Start of Given entries
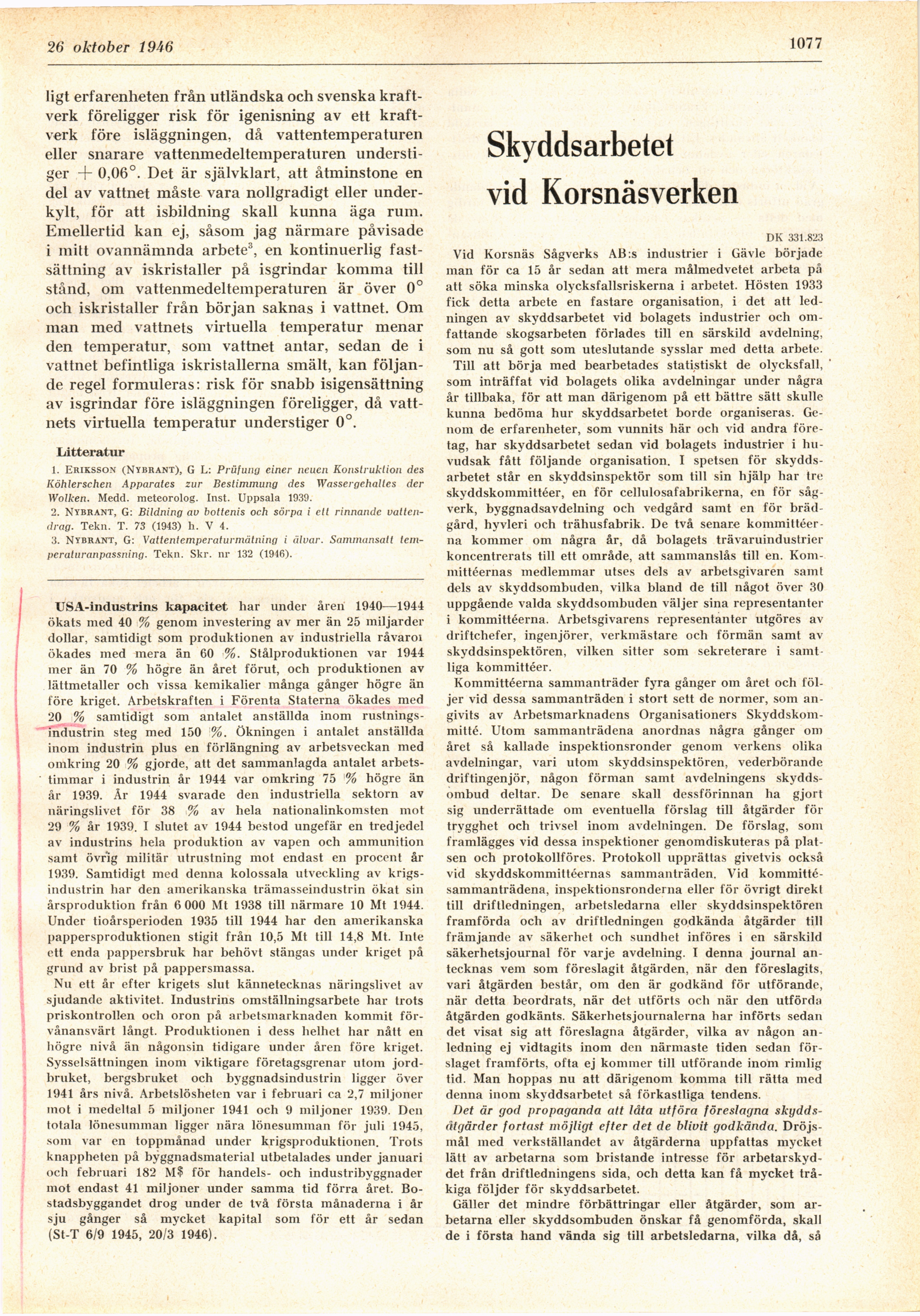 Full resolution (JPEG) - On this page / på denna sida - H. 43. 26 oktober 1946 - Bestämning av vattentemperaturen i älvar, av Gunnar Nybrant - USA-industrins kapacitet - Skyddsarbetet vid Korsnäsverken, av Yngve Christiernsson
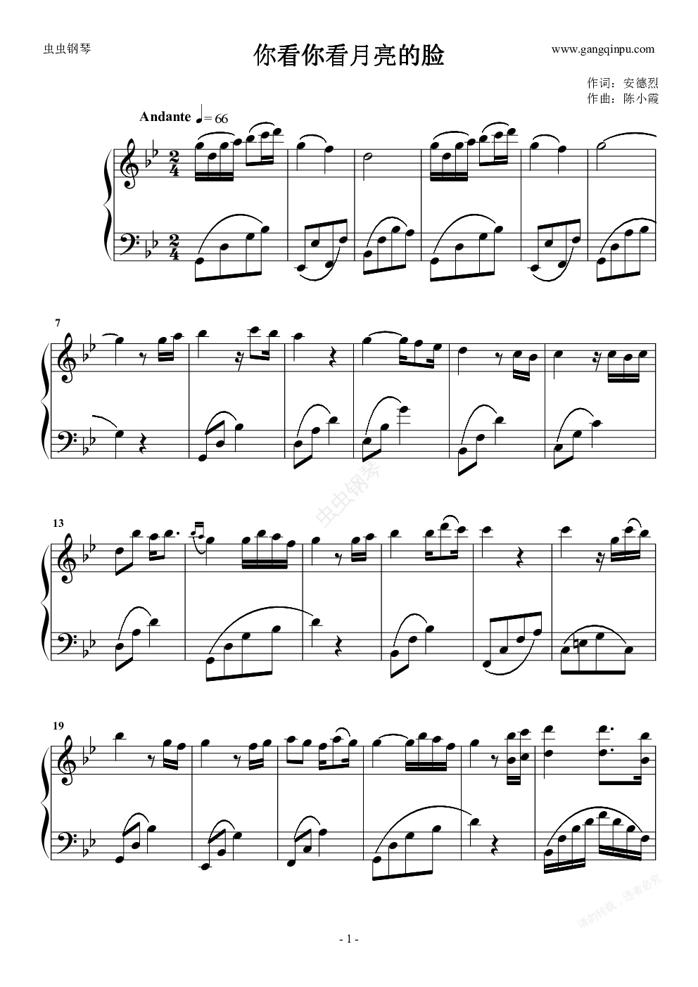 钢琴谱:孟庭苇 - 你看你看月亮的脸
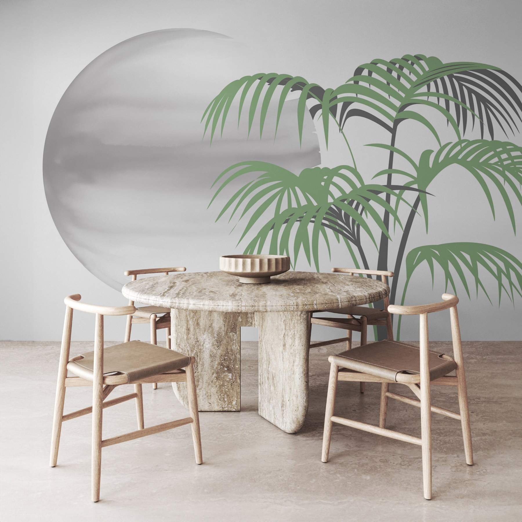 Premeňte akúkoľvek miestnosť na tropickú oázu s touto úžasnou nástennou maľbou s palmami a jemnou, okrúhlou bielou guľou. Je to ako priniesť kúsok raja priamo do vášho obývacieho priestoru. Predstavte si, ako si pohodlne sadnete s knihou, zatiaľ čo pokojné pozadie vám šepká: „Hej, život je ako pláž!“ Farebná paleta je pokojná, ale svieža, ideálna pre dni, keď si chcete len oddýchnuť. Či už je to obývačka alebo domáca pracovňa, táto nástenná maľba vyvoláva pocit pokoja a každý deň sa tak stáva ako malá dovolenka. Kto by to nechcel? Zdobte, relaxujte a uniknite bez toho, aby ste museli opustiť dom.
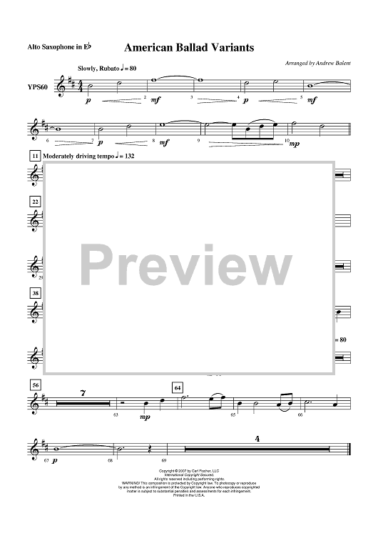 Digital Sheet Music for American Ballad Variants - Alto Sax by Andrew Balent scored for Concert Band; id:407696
End of Given entries
Start of Given entries
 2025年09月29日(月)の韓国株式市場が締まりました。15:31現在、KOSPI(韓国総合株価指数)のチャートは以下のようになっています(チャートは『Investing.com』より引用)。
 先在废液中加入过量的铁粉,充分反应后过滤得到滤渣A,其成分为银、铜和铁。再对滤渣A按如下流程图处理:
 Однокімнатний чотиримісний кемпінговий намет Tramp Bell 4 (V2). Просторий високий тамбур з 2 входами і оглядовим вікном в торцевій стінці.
End of Given entries
- [Assignment] What you write must match the listing exactly, from the line with "Full resolution (JPEG)" up to and including the line with "钢琴谱:孟庭苇 - 你看你看月亮的脸". Pictures stay out.

- [Response area]
 Full resolution (JPEG) - On this page / på denna sida - H. 43. 26 oktober 1946 - Bestämning av vattentemperaturen i älvar, av Gunnar Nybrant - USA-industrins kapacitet - Skyddsarbetet vid Korsnäsverken, av Yngve Christiernsson
 钢琴谱:孟庭苇 - 你看你看月亮的脸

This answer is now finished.